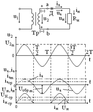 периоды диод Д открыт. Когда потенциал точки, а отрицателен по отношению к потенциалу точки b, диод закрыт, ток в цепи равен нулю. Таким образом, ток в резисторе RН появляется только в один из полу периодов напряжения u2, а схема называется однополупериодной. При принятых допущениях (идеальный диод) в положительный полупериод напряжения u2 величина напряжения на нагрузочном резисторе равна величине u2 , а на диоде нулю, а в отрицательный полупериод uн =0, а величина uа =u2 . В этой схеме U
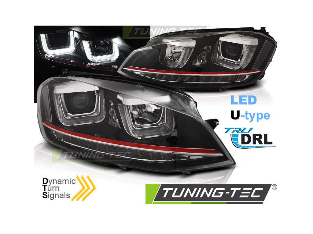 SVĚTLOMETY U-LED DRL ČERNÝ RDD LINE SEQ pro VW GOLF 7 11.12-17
...
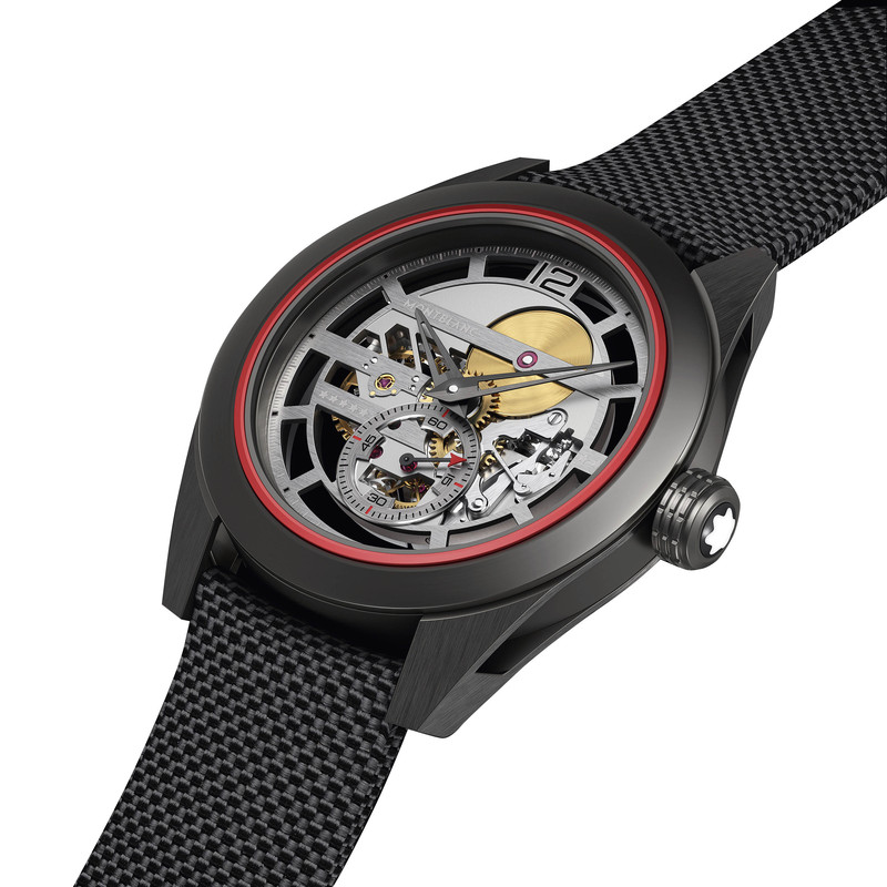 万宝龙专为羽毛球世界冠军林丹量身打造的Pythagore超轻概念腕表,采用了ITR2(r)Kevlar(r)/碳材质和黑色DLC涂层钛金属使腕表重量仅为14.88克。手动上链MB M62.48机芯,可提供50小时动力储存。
==
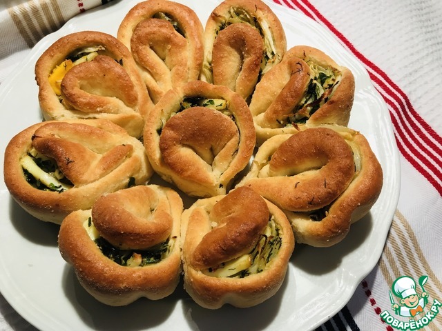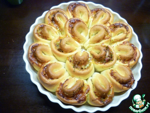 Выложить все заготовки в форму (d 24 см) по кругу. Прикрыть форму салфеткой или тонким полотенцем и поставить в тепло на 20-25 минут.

◆ **What is being asked**:
Look above for the line with "периоды диод Д" and the line with "SVĚTLOMETY U-LED DRL". Output those two and everything between them exactly, pictures excluded.

◆ **Response**:
 периоды диод Д открыт. Когда потенциал точки, а отрицателен по отношению к потенциалу точки b, диод закрыт, ток в цепи равен нулю. Таким образом, ток в резисторе RН появляется только в один из полу периодов напряжения u2, а схема называется однополупериодной. При принятых допущениях (идеальный диод) в положительный полупериод напряжения u2 величина напряжения на нагрузочном резисторе равна величине u2 , а на диоде нулю, а в отрицательный полупериод uн =0, а величина uа =u2 . В этой схеме U
 SVĚTLOMETY U-LED DRL ČERNÝ RDD LINE SEQ pro VW GOLF 7 11.12-17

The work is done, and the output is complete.